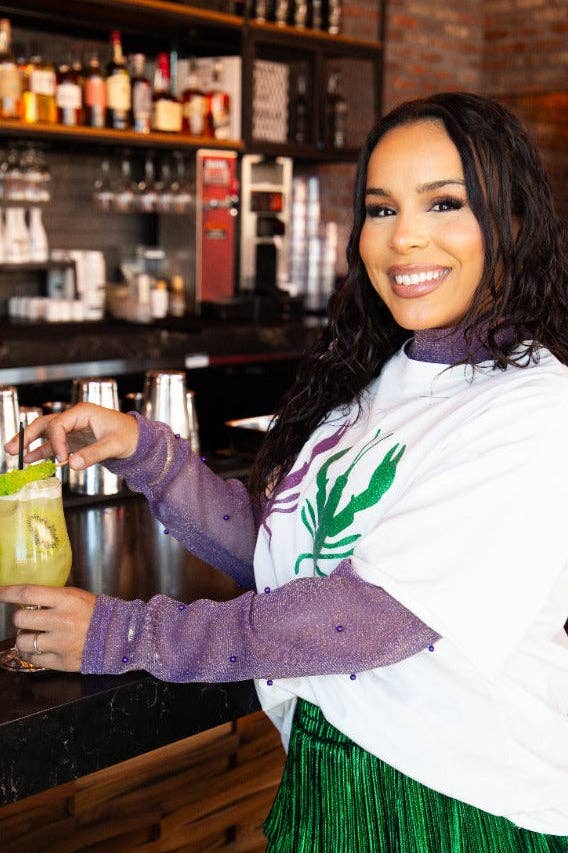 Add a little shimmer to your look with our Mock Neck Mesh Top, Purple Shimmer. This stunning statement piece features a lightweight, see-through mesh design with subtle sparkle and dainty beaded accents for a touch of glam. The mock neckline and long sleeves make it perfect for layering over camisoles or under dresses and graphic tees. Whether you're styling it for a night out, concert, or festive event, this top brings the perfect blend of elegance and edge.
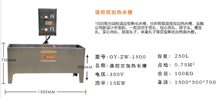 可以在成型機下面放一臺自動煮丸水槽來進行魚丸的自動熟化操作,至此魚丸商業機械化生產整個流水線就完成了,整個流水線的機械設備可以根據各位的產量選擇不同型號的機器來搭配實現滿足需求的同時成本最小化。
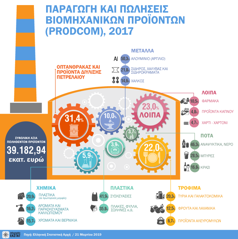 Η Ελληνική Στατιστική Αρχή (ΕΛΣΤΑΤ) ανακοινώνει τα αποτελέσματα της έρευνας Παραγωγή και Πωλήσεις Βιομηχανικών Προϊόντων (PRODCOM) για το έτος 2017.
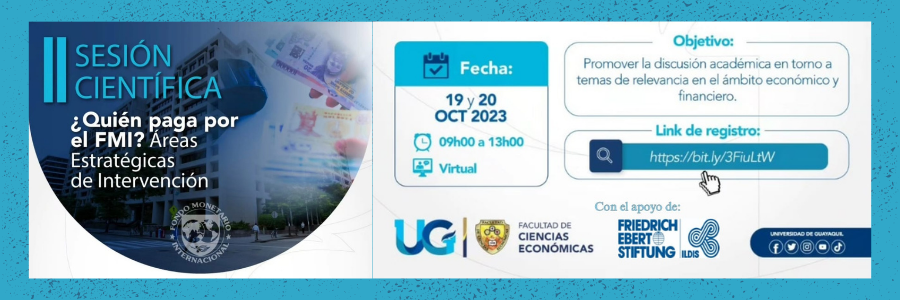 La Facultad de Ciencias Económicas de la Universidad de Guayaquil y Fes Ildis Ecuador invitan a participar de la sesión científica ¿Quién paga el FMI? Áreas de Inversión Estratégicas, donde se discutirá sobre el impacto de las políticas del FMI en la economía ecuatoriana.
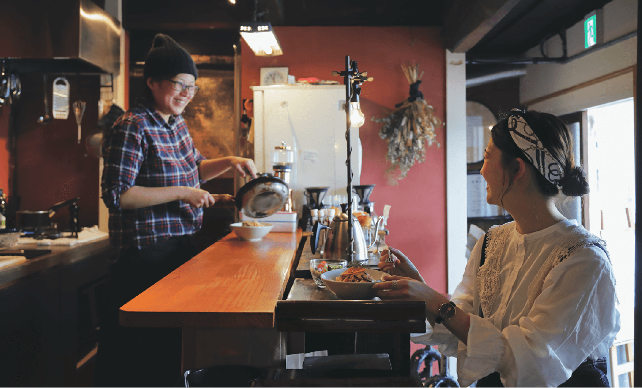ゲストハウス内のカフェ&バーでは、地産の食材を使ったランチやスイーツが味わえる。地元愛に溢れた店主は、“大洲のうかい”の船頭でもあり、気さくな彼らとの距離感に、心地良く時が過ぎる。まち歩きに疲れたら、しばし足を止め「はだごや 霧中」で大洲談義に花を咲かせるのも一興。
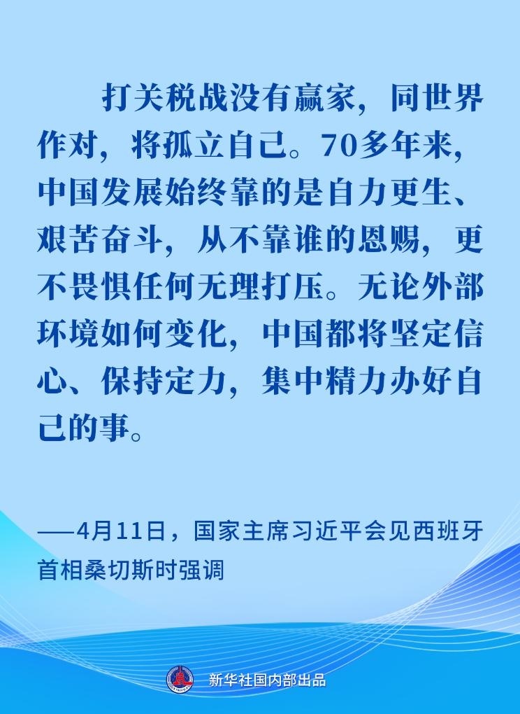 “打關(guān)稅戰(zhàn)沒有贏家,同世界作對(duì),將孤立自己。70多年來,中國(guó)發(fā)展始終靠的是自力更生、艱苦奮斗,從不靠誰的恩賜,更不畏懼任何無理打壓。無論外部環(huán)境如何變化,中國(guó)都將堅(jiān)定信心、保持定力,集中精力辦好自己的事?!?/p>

──────────

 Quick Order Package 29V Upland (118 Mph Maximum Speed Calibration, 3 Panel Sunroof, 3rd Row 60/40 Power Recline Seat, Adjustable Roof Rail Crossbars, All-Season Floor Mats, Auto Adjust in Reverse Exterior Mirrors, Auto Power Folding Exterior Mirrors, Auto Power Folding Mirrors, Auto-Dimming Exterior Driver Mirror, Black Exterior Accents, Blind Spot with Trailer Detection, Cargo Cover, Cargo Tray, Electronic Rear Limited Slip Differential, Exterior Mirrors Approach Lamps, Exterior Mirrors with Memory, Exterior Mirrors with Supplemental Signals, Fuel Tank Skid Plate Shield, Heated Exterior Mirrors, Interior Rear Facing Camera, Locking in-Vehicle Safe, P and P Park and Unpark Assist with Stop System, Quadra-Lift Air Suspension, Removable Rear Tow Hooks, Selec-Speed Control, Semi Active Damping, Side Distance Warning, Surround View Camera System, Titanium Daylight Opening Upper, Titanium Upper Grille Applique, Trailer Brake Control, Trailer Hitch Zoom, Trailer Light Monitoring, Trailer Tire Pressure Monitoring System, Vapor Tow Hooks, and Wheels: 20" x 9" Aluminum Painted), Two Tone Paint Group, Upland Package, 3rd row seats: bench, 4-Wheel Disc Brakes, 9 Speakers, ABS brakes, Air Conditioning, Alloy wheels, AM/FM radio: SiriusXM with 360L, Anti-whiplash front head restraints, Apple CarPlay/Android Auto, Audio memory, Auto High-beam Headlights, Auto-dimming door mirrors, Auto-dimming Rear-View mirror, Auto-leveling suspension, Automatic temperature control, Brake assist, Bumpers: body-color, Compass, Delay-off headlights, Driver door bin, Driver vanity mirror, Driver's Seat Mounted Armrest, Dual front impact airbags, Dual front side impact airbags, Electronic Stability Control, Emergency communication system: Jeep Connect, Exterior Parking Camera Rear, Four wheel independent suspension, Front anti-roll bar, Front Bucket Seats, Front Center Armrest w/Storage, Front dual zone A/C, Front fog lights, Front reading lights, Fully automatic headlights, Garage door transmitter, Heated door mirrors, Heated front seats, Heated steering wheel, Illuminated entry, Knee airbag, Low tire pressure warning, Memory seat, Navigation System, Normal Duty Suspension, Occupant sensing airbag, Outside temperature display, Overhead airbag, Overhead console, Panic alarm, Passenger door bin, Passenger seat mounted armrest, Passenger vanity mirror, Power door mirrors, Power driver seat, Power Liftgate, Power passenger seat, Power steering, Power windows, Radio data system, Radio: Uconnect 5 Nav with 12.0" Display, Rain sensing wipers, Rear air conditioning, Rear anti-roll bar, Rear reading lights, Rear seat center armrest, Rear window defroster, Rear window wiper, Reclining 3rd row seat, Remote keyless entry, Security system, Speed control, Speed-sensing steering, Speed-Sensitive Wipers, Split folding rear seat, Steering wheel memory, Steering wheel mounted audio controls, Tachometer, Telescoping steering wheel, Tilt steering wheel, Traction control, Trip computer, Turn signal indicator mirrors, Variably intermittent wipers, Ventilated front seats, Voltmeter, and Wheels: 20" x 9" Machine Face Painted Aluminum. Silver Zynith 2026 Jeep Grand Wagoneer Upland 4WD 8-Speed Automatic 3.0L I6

──────────

What you are asked to do: Look back at the data above, then output exactly the lines from the line holding "可以在成型機下面放一臺自動煮" up to and including the line holding "La Facultad de". Leave out the pictures.

Written reply:
 可以在成型機下面放一臺自動煮丸水槽來進行魚丸的自動熟化操作,至此魚丸商業機械化生產整個流水線就完成了,整個流水線的機械設備可以根據各位的產量選擇不同型號的機器來搭配實現滿足需求的同時成本最小化。
 Η Ελληνική Στατιστική Αρχή (ΕΛΣΤΑΤ) ανακοινώνει τα αποτελέσματα της έρευνας Παραγωγή και Πωλήσεις Βιομηχανικών Προϊόντων (PRODCOM) για το έτος 2017.
 La Facultad de Ciencias Económicas de la Universidad de Guayaquil y Fes Ildis Ecuador invitan a participar de la sesión científica ¿Quién paga el FMI? Áreas de Inversión Estratégicas, donde se discutirá sobre el impacto de las políticas del FMI en la economía ecuatoriana.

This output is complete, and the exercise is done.